Pour excentrique qu’elle soit, l’expérience dégage néanmoins un je ne sais quoi de stimulant. Il s’agit même certainement du trait le mieux proéminent du caractère de Mean Guns. Car, aux autres étages de sa mise en boîte, il carbure bien plus volontiers à l’ordinaire. C’était l’époque des fusillades bouffies de cabrioles et de ralentis, rackettant sans vergogne (et surtout avec un brio cent fois moindre) le cinéma de John Woo, et du verbiage « tarantinesque » où tant de gâte-papier émoussèrent leur plume. Sur cette voie rectiligne et criblée de balises, entendre trépider soudain les cuivres en staccatos luisants du très alerte José de Pérez Prado, le roi du mambo en personne, relève du culot, de l’incongruité diaprée, peut-être aussi d’un penchant obscur pour l’autodestruction. Même les clins d’œil turgides à l’adresse d’Ennio Morricone, glapissements de trompette à l’appui, lorsque les porte-flingues qui se font face parodient les duels hiératiques du vieil Ouest, semblent bien peu à leur place dans ce dédale de couloirs grisâtres et de cellules remplies d’échos morts. C’en sera trop, parions-le, pour le simple spectateur de passage, qui n’y entendra qu’un gigantesque hors-sujet. Son homologue plus téméraire, pas du style à s’effaroucher d’improbables métissages, se délectera en revanche du contre-pied statufié en dogme par Tony Riparetti ; lequel, tout à son évident plaisir d’achopper encore et encore sur les images, fait virevolter sa baguette exactement comme s’il devait chauffer un dancing.
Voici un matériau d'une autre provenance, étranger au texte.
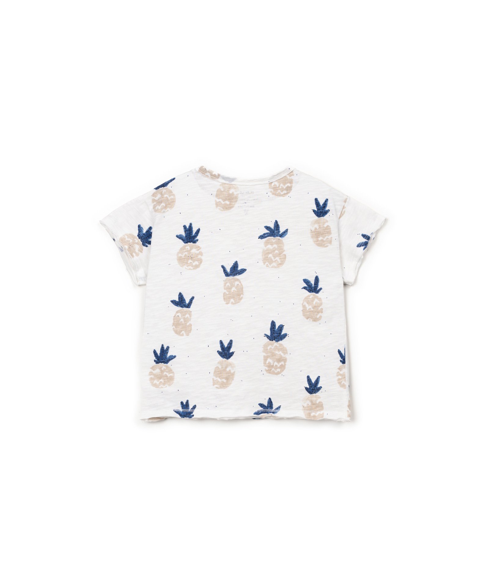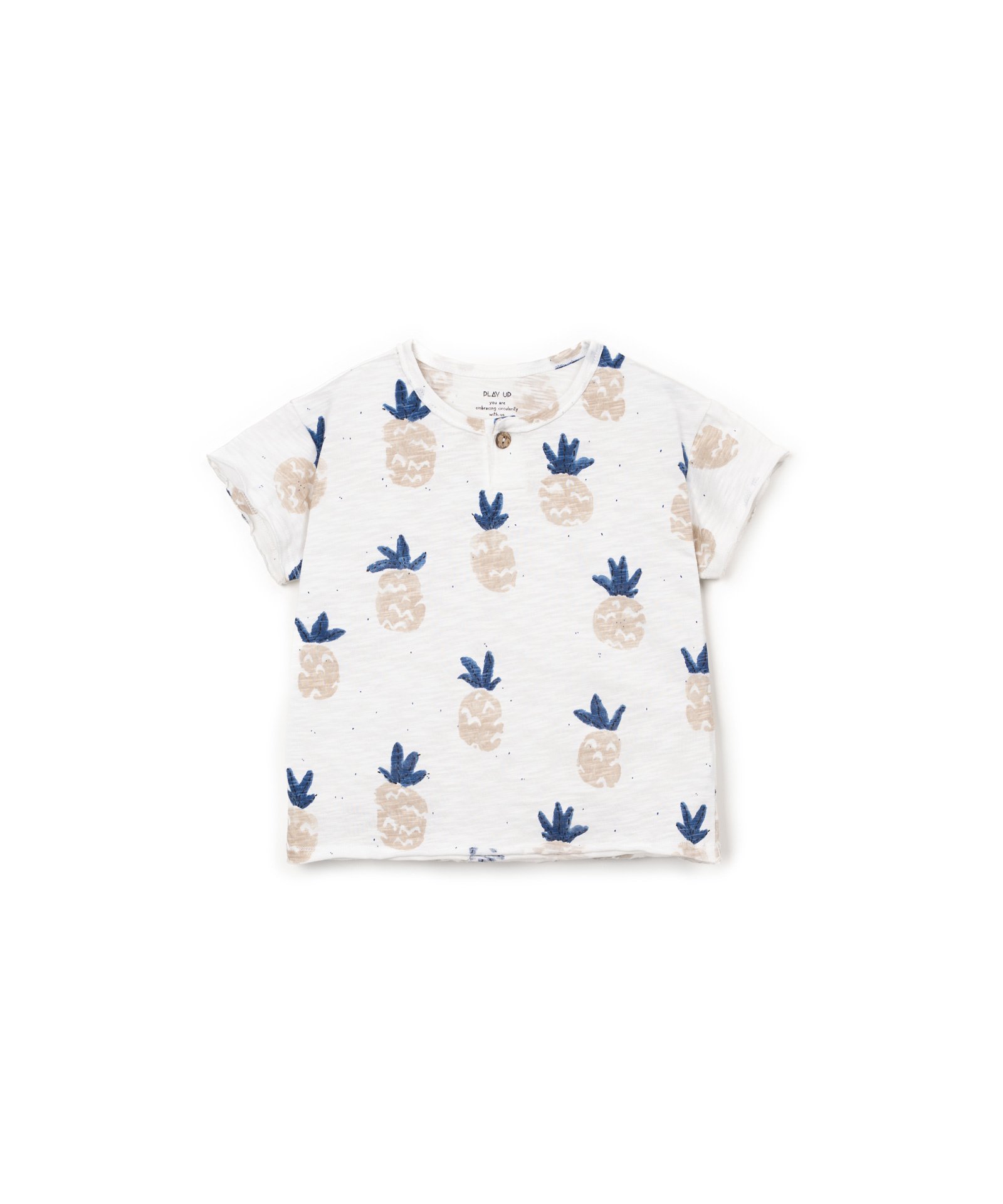 Katoenen t-shirt met blauwe ananas print van Play Up. Het shirt heeft een ronde hals met een decoratief knoopje en een rechte pasvorm. Hij is gemaakt van orgranic cotton. Zie onderaan de pagina voor een overzicht van de maten.

Sous sa houlette, les truands condamnés à s’entre-déchirer exécutent pas de deux et pirouettes désarticulées, cependant qu’à l’unisson des guitares hispanisantes, leurs pétoires aboient un chant de mort familier.

 

Attention ! Il y a mambo et mambo. La tradition incarnée par le fantôme bariolé de Pérez Prado a beau tenir le haut du pavé, ça n’empêche pas les déclinaisons plurielles de surgir au détour d’un énième gunfight, comme cet abâtardissement technoïde qui, à y regarder de près, exhibe un certain punch. Les deux tueurs inséparables, faisant montre à l’égal de frères siamois d’un synchronisme presque surnaturel, sont les parfaits clients pour de telles itérations. Il n’est qu’à voir avec quel enthousiasme ils estourbissent la concurrence, par exemple à coups joyeux de battes de base-ball, durant une scène dont la complaisance qui paraît poindre son nez en termes de violence s’évapore au contact d’une espèce de rockabilly pâteux de sauce mexicaine. On prend du bon temps, et pas qu’à moitié, dans Mean Guns. Christophe Lambert lui-même ne rechigne pas à laisser fuser les arpèges de son rire fameux entre tous, mais par intermittences uniquement : notre héros a maille à partir avec un passé traumatisant. Riparetti s’en fout, lui accolant d’autorité un thème « mamboesque », encore un, percussif en diable, dont les cuivres trompètent avec l’air d’insinuer qu’aucun stigmate psychologique ne viendra blettir les festivités. Et celles-ci de continuer de plus belle, en plein milieu d’un parking désert, où le mambo se rue au petit trot saccadé dans le giron de la maison-mère, la salsa. Ici comme en maints autres endroits, les orchestrations, ouvertes à tous les vents pop, ne sont pas du premier raffinement. Venant de l’âme damnée d’Albert Pyun, un compositeur bricolo modérément soucieux de reflets laqués, même lorsqu’une poignée de solistes chevronnés lui prête main-forte, ce vernis qui s’écaille va de soi. N’empêche… que le geste est hardi ! On le saluera en suivant l’exemple du blondinet Totophe, prêt à partir sur l’heure à la chasse au CD.